FDA Panel Nixes Humira for Spinal Arthritis

MedicalToday

SILVER SPRING, Md. -- An independent panel of FDA advisers overwhelmingly rejected AbbVie's bid to gain approval of Humira (adalimumab) for treatment of active nonradiographic axial spondyloarthritis in adults with signs of inflammation by elevated CRP or MRI.

After rejecting adalimumab by a 12-1 vote with one abstention, the Arthritis Advisory Committee split 7-6 with one abstention when polled about recommending approval of UCB's Cimzia (certolizumab) for treatment of active axial spondyloarthritis, including ankylosing spondylitis (AS).

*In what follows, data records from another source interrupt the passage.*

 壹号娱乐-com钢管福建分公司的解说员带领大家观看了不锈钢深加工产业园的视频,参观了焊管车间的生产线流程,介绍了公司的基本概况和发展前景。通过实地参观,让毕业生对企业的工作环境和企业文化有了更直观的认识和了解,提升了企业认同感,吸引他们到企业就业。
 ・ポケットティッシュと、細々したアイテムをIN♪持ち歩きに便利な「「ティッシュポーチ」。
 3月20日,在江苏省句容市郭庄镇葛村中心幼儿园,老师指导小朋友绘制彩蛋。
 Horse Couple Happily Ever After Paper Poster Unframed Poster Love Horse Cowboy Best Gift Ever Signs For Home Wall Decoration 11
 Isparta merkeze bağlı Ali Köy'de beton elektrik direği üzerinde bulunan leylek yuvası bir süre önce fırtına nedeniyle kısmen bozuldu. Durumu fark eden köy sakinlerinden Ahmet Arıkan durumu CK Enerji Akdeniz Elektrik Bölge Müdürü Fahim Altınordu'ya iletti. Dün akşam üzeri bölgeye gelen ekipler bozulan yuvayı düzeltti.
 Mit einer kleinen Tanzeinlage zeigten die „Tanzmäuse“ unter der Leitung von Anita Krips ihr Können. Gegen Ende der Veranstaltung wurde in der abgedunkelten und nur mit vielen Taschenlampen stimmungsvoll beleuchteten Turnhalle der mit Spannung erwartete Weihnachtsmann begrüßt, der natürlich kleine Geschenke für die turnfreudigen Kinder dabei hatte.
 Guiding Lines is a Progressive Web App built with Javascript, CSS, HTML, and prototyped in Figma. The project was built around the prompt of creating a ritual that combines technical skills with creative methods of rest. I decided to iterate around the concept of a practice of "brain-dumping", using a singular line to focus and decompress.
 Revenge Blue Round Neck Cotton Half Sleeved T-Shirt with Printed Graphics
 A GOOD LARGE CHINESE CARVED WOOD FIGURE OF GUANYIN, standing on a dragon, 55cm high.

Adalimumab is already approved for treatment of rheumatoid arthritis, plaque psoriasis, ulcerative colitis, ankylosing spondylitis and psoriatic arthritis, and certolizumab is indicated for Crohn's and rheumatoid arthritis.

Members of the advisory committee sided with an FDA review that found the single trial supporting approval enrolled a high proportion of patients with ankylosing spondylitis skewing results. Those AS patients performed better than patients with radiographic evidence of spondyloarthritis.

"This is a trial about subpopulations, so without a clear definition, it's very difficult to judge the current data," Daniel Solomon, MD, MPH, a rheumatologist at Harvard Medical School in Boston, said. Solomon said he would like an additional clinical trial that clearly defined the subpopulation.

In the study, 192 patients were given either adalimumab or placebo, and after 12 weeks, patients taking adalimumab showed significant improvement over placebo, 36% versus 15% (P<0.001).

In a post-hoc breakdown of patients, combining confirmed and nonconfirmed nonradiographic axial spondyloarthritis would increase the treatment difference to 15%.

"I think the criteria were too loose to define a population that will likely benefit," Donald Miller, PharmD, chair of pharmacy practice department at North Dakota State University in Fargo, said.

Nancy Lane, MD, director of the Center for Musculoskeletal Health at the University of California at Davis School of Medicine, noted there was an improvement in symptoms from a certain population group even if it were defined ad hoc.

Patient representative Michael Tracy Smith of New York City was the only panelist who voted for approval.

Committee members voted 10-4 in favor of the safety. The FDA noted the safety profile resembled that of the known profile of the drug approved more than a decade ago.

Members that voted No said it was because the drug -- which carries a boxed warning for certain malignancies and infections -- would be unsafe in a population where it's not effective.

But the panel members said the case was not as clear cut when it considered the certolizumab application.

"I think overall, we agree there is definitely an efficacy signal here, and the question is more about limitation in the real world," committee chair Tuhina Neogi, MD, PhD, professor of epidemiology at Boston University Schools of Medicine and Public Health, said.

As with adalimumab, the panel said different subgroups of patients responded differently to the drug.

In a randomized, controlled trial of more than 300 patients, 58% of patients taking 200 mg of certolizumab showed improvement, compared with 38% of those taking placebo (P=0.004), . For those taking 400 mg of certolizumab, 64% showed improvement (P<0.001).

Several committee members said the FDA could work with the manufacturer, Belgium drugmaker UCB, to create a better definition and label so providers know who is best to receive the drug.

No drug is indicated to treat nonradiographic axial spondyloarthritis. An exact deadline for an FDA decision on either drug isn't known.

The FDA isn't obligated to rely on the opinions of its advisory committees but usually does.